TypeScript - check if object's property is a function with given signature

Question

I have a function that gets a property from an object.

// Utils.ts
export function getProperty<T, K extends keyof T>(obj: T, key: string): T[K] {
    if (key in obj) { return obj[key as K]; }
    throw new Error(`Invalid object member "${key}"`);
}

I'd like to check if returned property is a function with given signature and then call the property with provided parameter.

getProperty() is used to dynamically get one of object's method and call it. I tried:

let property: this[keyof this] = utils.getProperty(this, name);
if (typeof property === 'function') ) { property(conf); }

But this gives "Cannot invoke an expression whose type lacks a call signature. Type 'any' has no compatible call signatures." error. I understand that a property that comes from getProperty() can indeed be of any type but how to ascertain it is a function with (conf: {}): void signature?

Answer 1

It doesn't look like typeof type guards exist for function types. It seems to be by design; see microsoft/TypeScript#2072 (that issue is about instanceof type guards but I'm guessing it's similar reasoning).

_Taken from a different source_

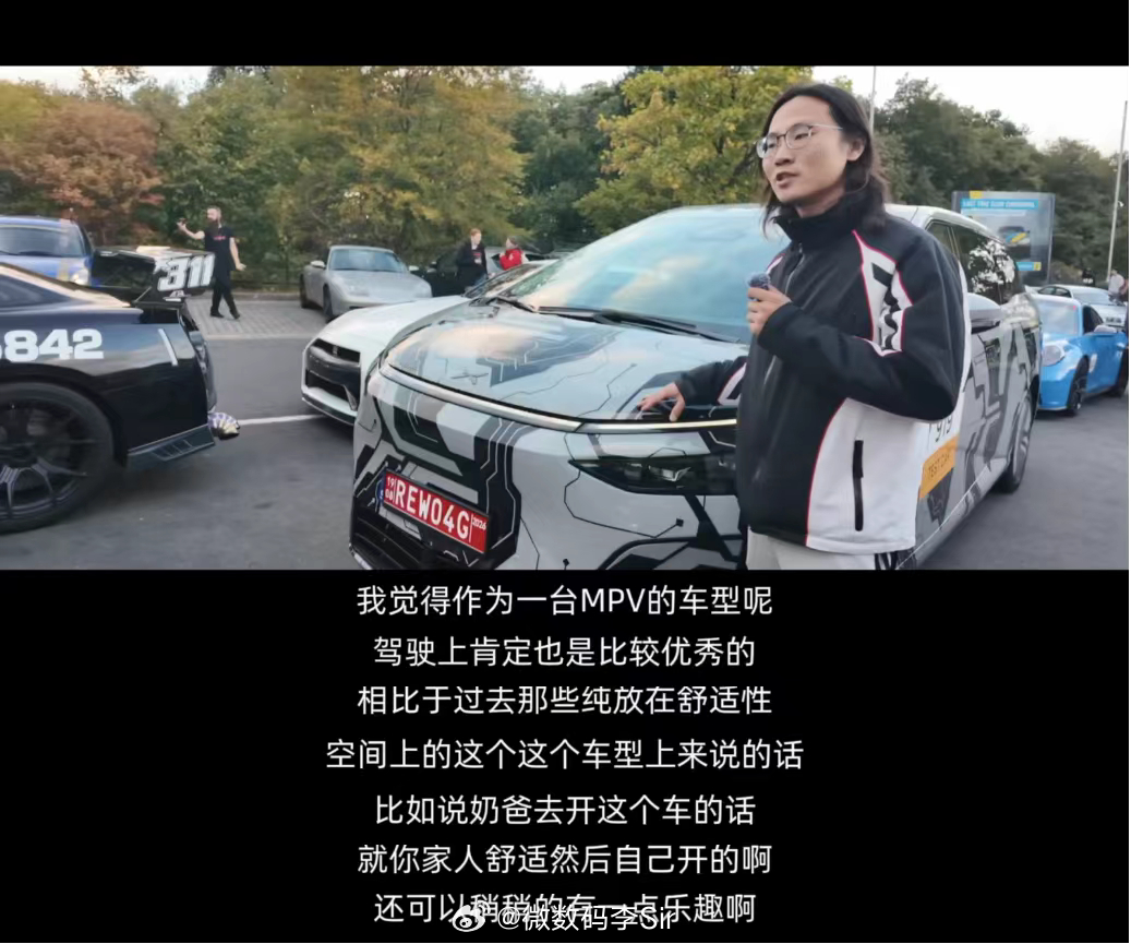 车手段老板平常经常在纽北赛道测试各种车辆,他表示在舒适模式下,小鹏X9是他在纽北赛道开过的最舒适的车;切换到运动模式后,又同时具备一定的驾驶乐趣,是一台奶爸开起来也不无聊的车👏

However, TypeScript does have user-defined type guards, meaning you can write a function that narrows the type of its argument any way you like.

---

TypeScript's static type system is erased when the code is compiled to JavaScript. At runtime, there is no such thing as (conf: {}) => void that you can examine. If you want to write a runtime test to distinguish values of type (conf: {}) => void from values of other types, you will only be able to go so far.

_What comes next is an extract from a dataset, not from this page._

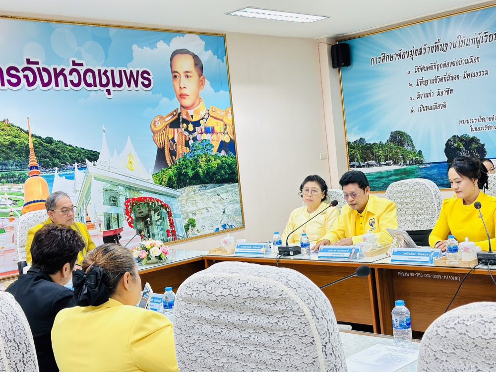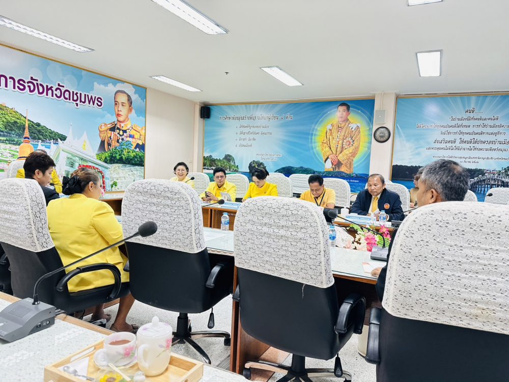 วันจันทร์ ที่ 19 สิงหาคม 2567 เวลา 08.30 น. ดร. ศักดิ์สิทธิ์ แร่ทอง ผู้อำนวยการสำนักงาน เขตพื้นที่การศึกษาประถมศึกษาชุมพร เขต 1 มอบหมายให้ นายเสรี พรหมฤทธิ์ รองผู้อำนวยการสำนักงานเขตพื้นที่การศึกษาประถมศึกษาชุมพร เขต 1 พร้อมด้วย นางสาวฒาลิสา ศรีนฤพัฒน์ นักวิเคราะห์นโยบายและแผน และ นางสาวหทัยรัตน์ แดงรักษา เจ้าพนักงานธุรการ เข้าร่วมประชุมรายงานผลการดำเนินงานตามนโยบายการศึกษา กระทรวงศึกษาธิการ (เรียนดี มีความสุข) รอบที่ 2 ประจำปีงบประมาณ พ.ศ. 2567 ณ ห้องเสมารักษ์ สำนักงานศึกษาธิการจังหวัดชุมพร

You can test if typeof x === "function". But that just tells you it's a function. It doesn't indicate how many parameters the function takes and what their types are. You could also check if x.length === 1 to see if the function expects one argument, although there are caveats around Function.length involving rest parameters and default parameters. But now you're kind of stuck.

At runtime, any information about function parameter types will have been erased, if those functions even came from TypeScript code in the first place. At most you could "probe" the function by calling it with some test parameters and checking to see if things break. But that's a destructive test with possible side effects, and defeats the purpose of checking a function is the right type before calling it.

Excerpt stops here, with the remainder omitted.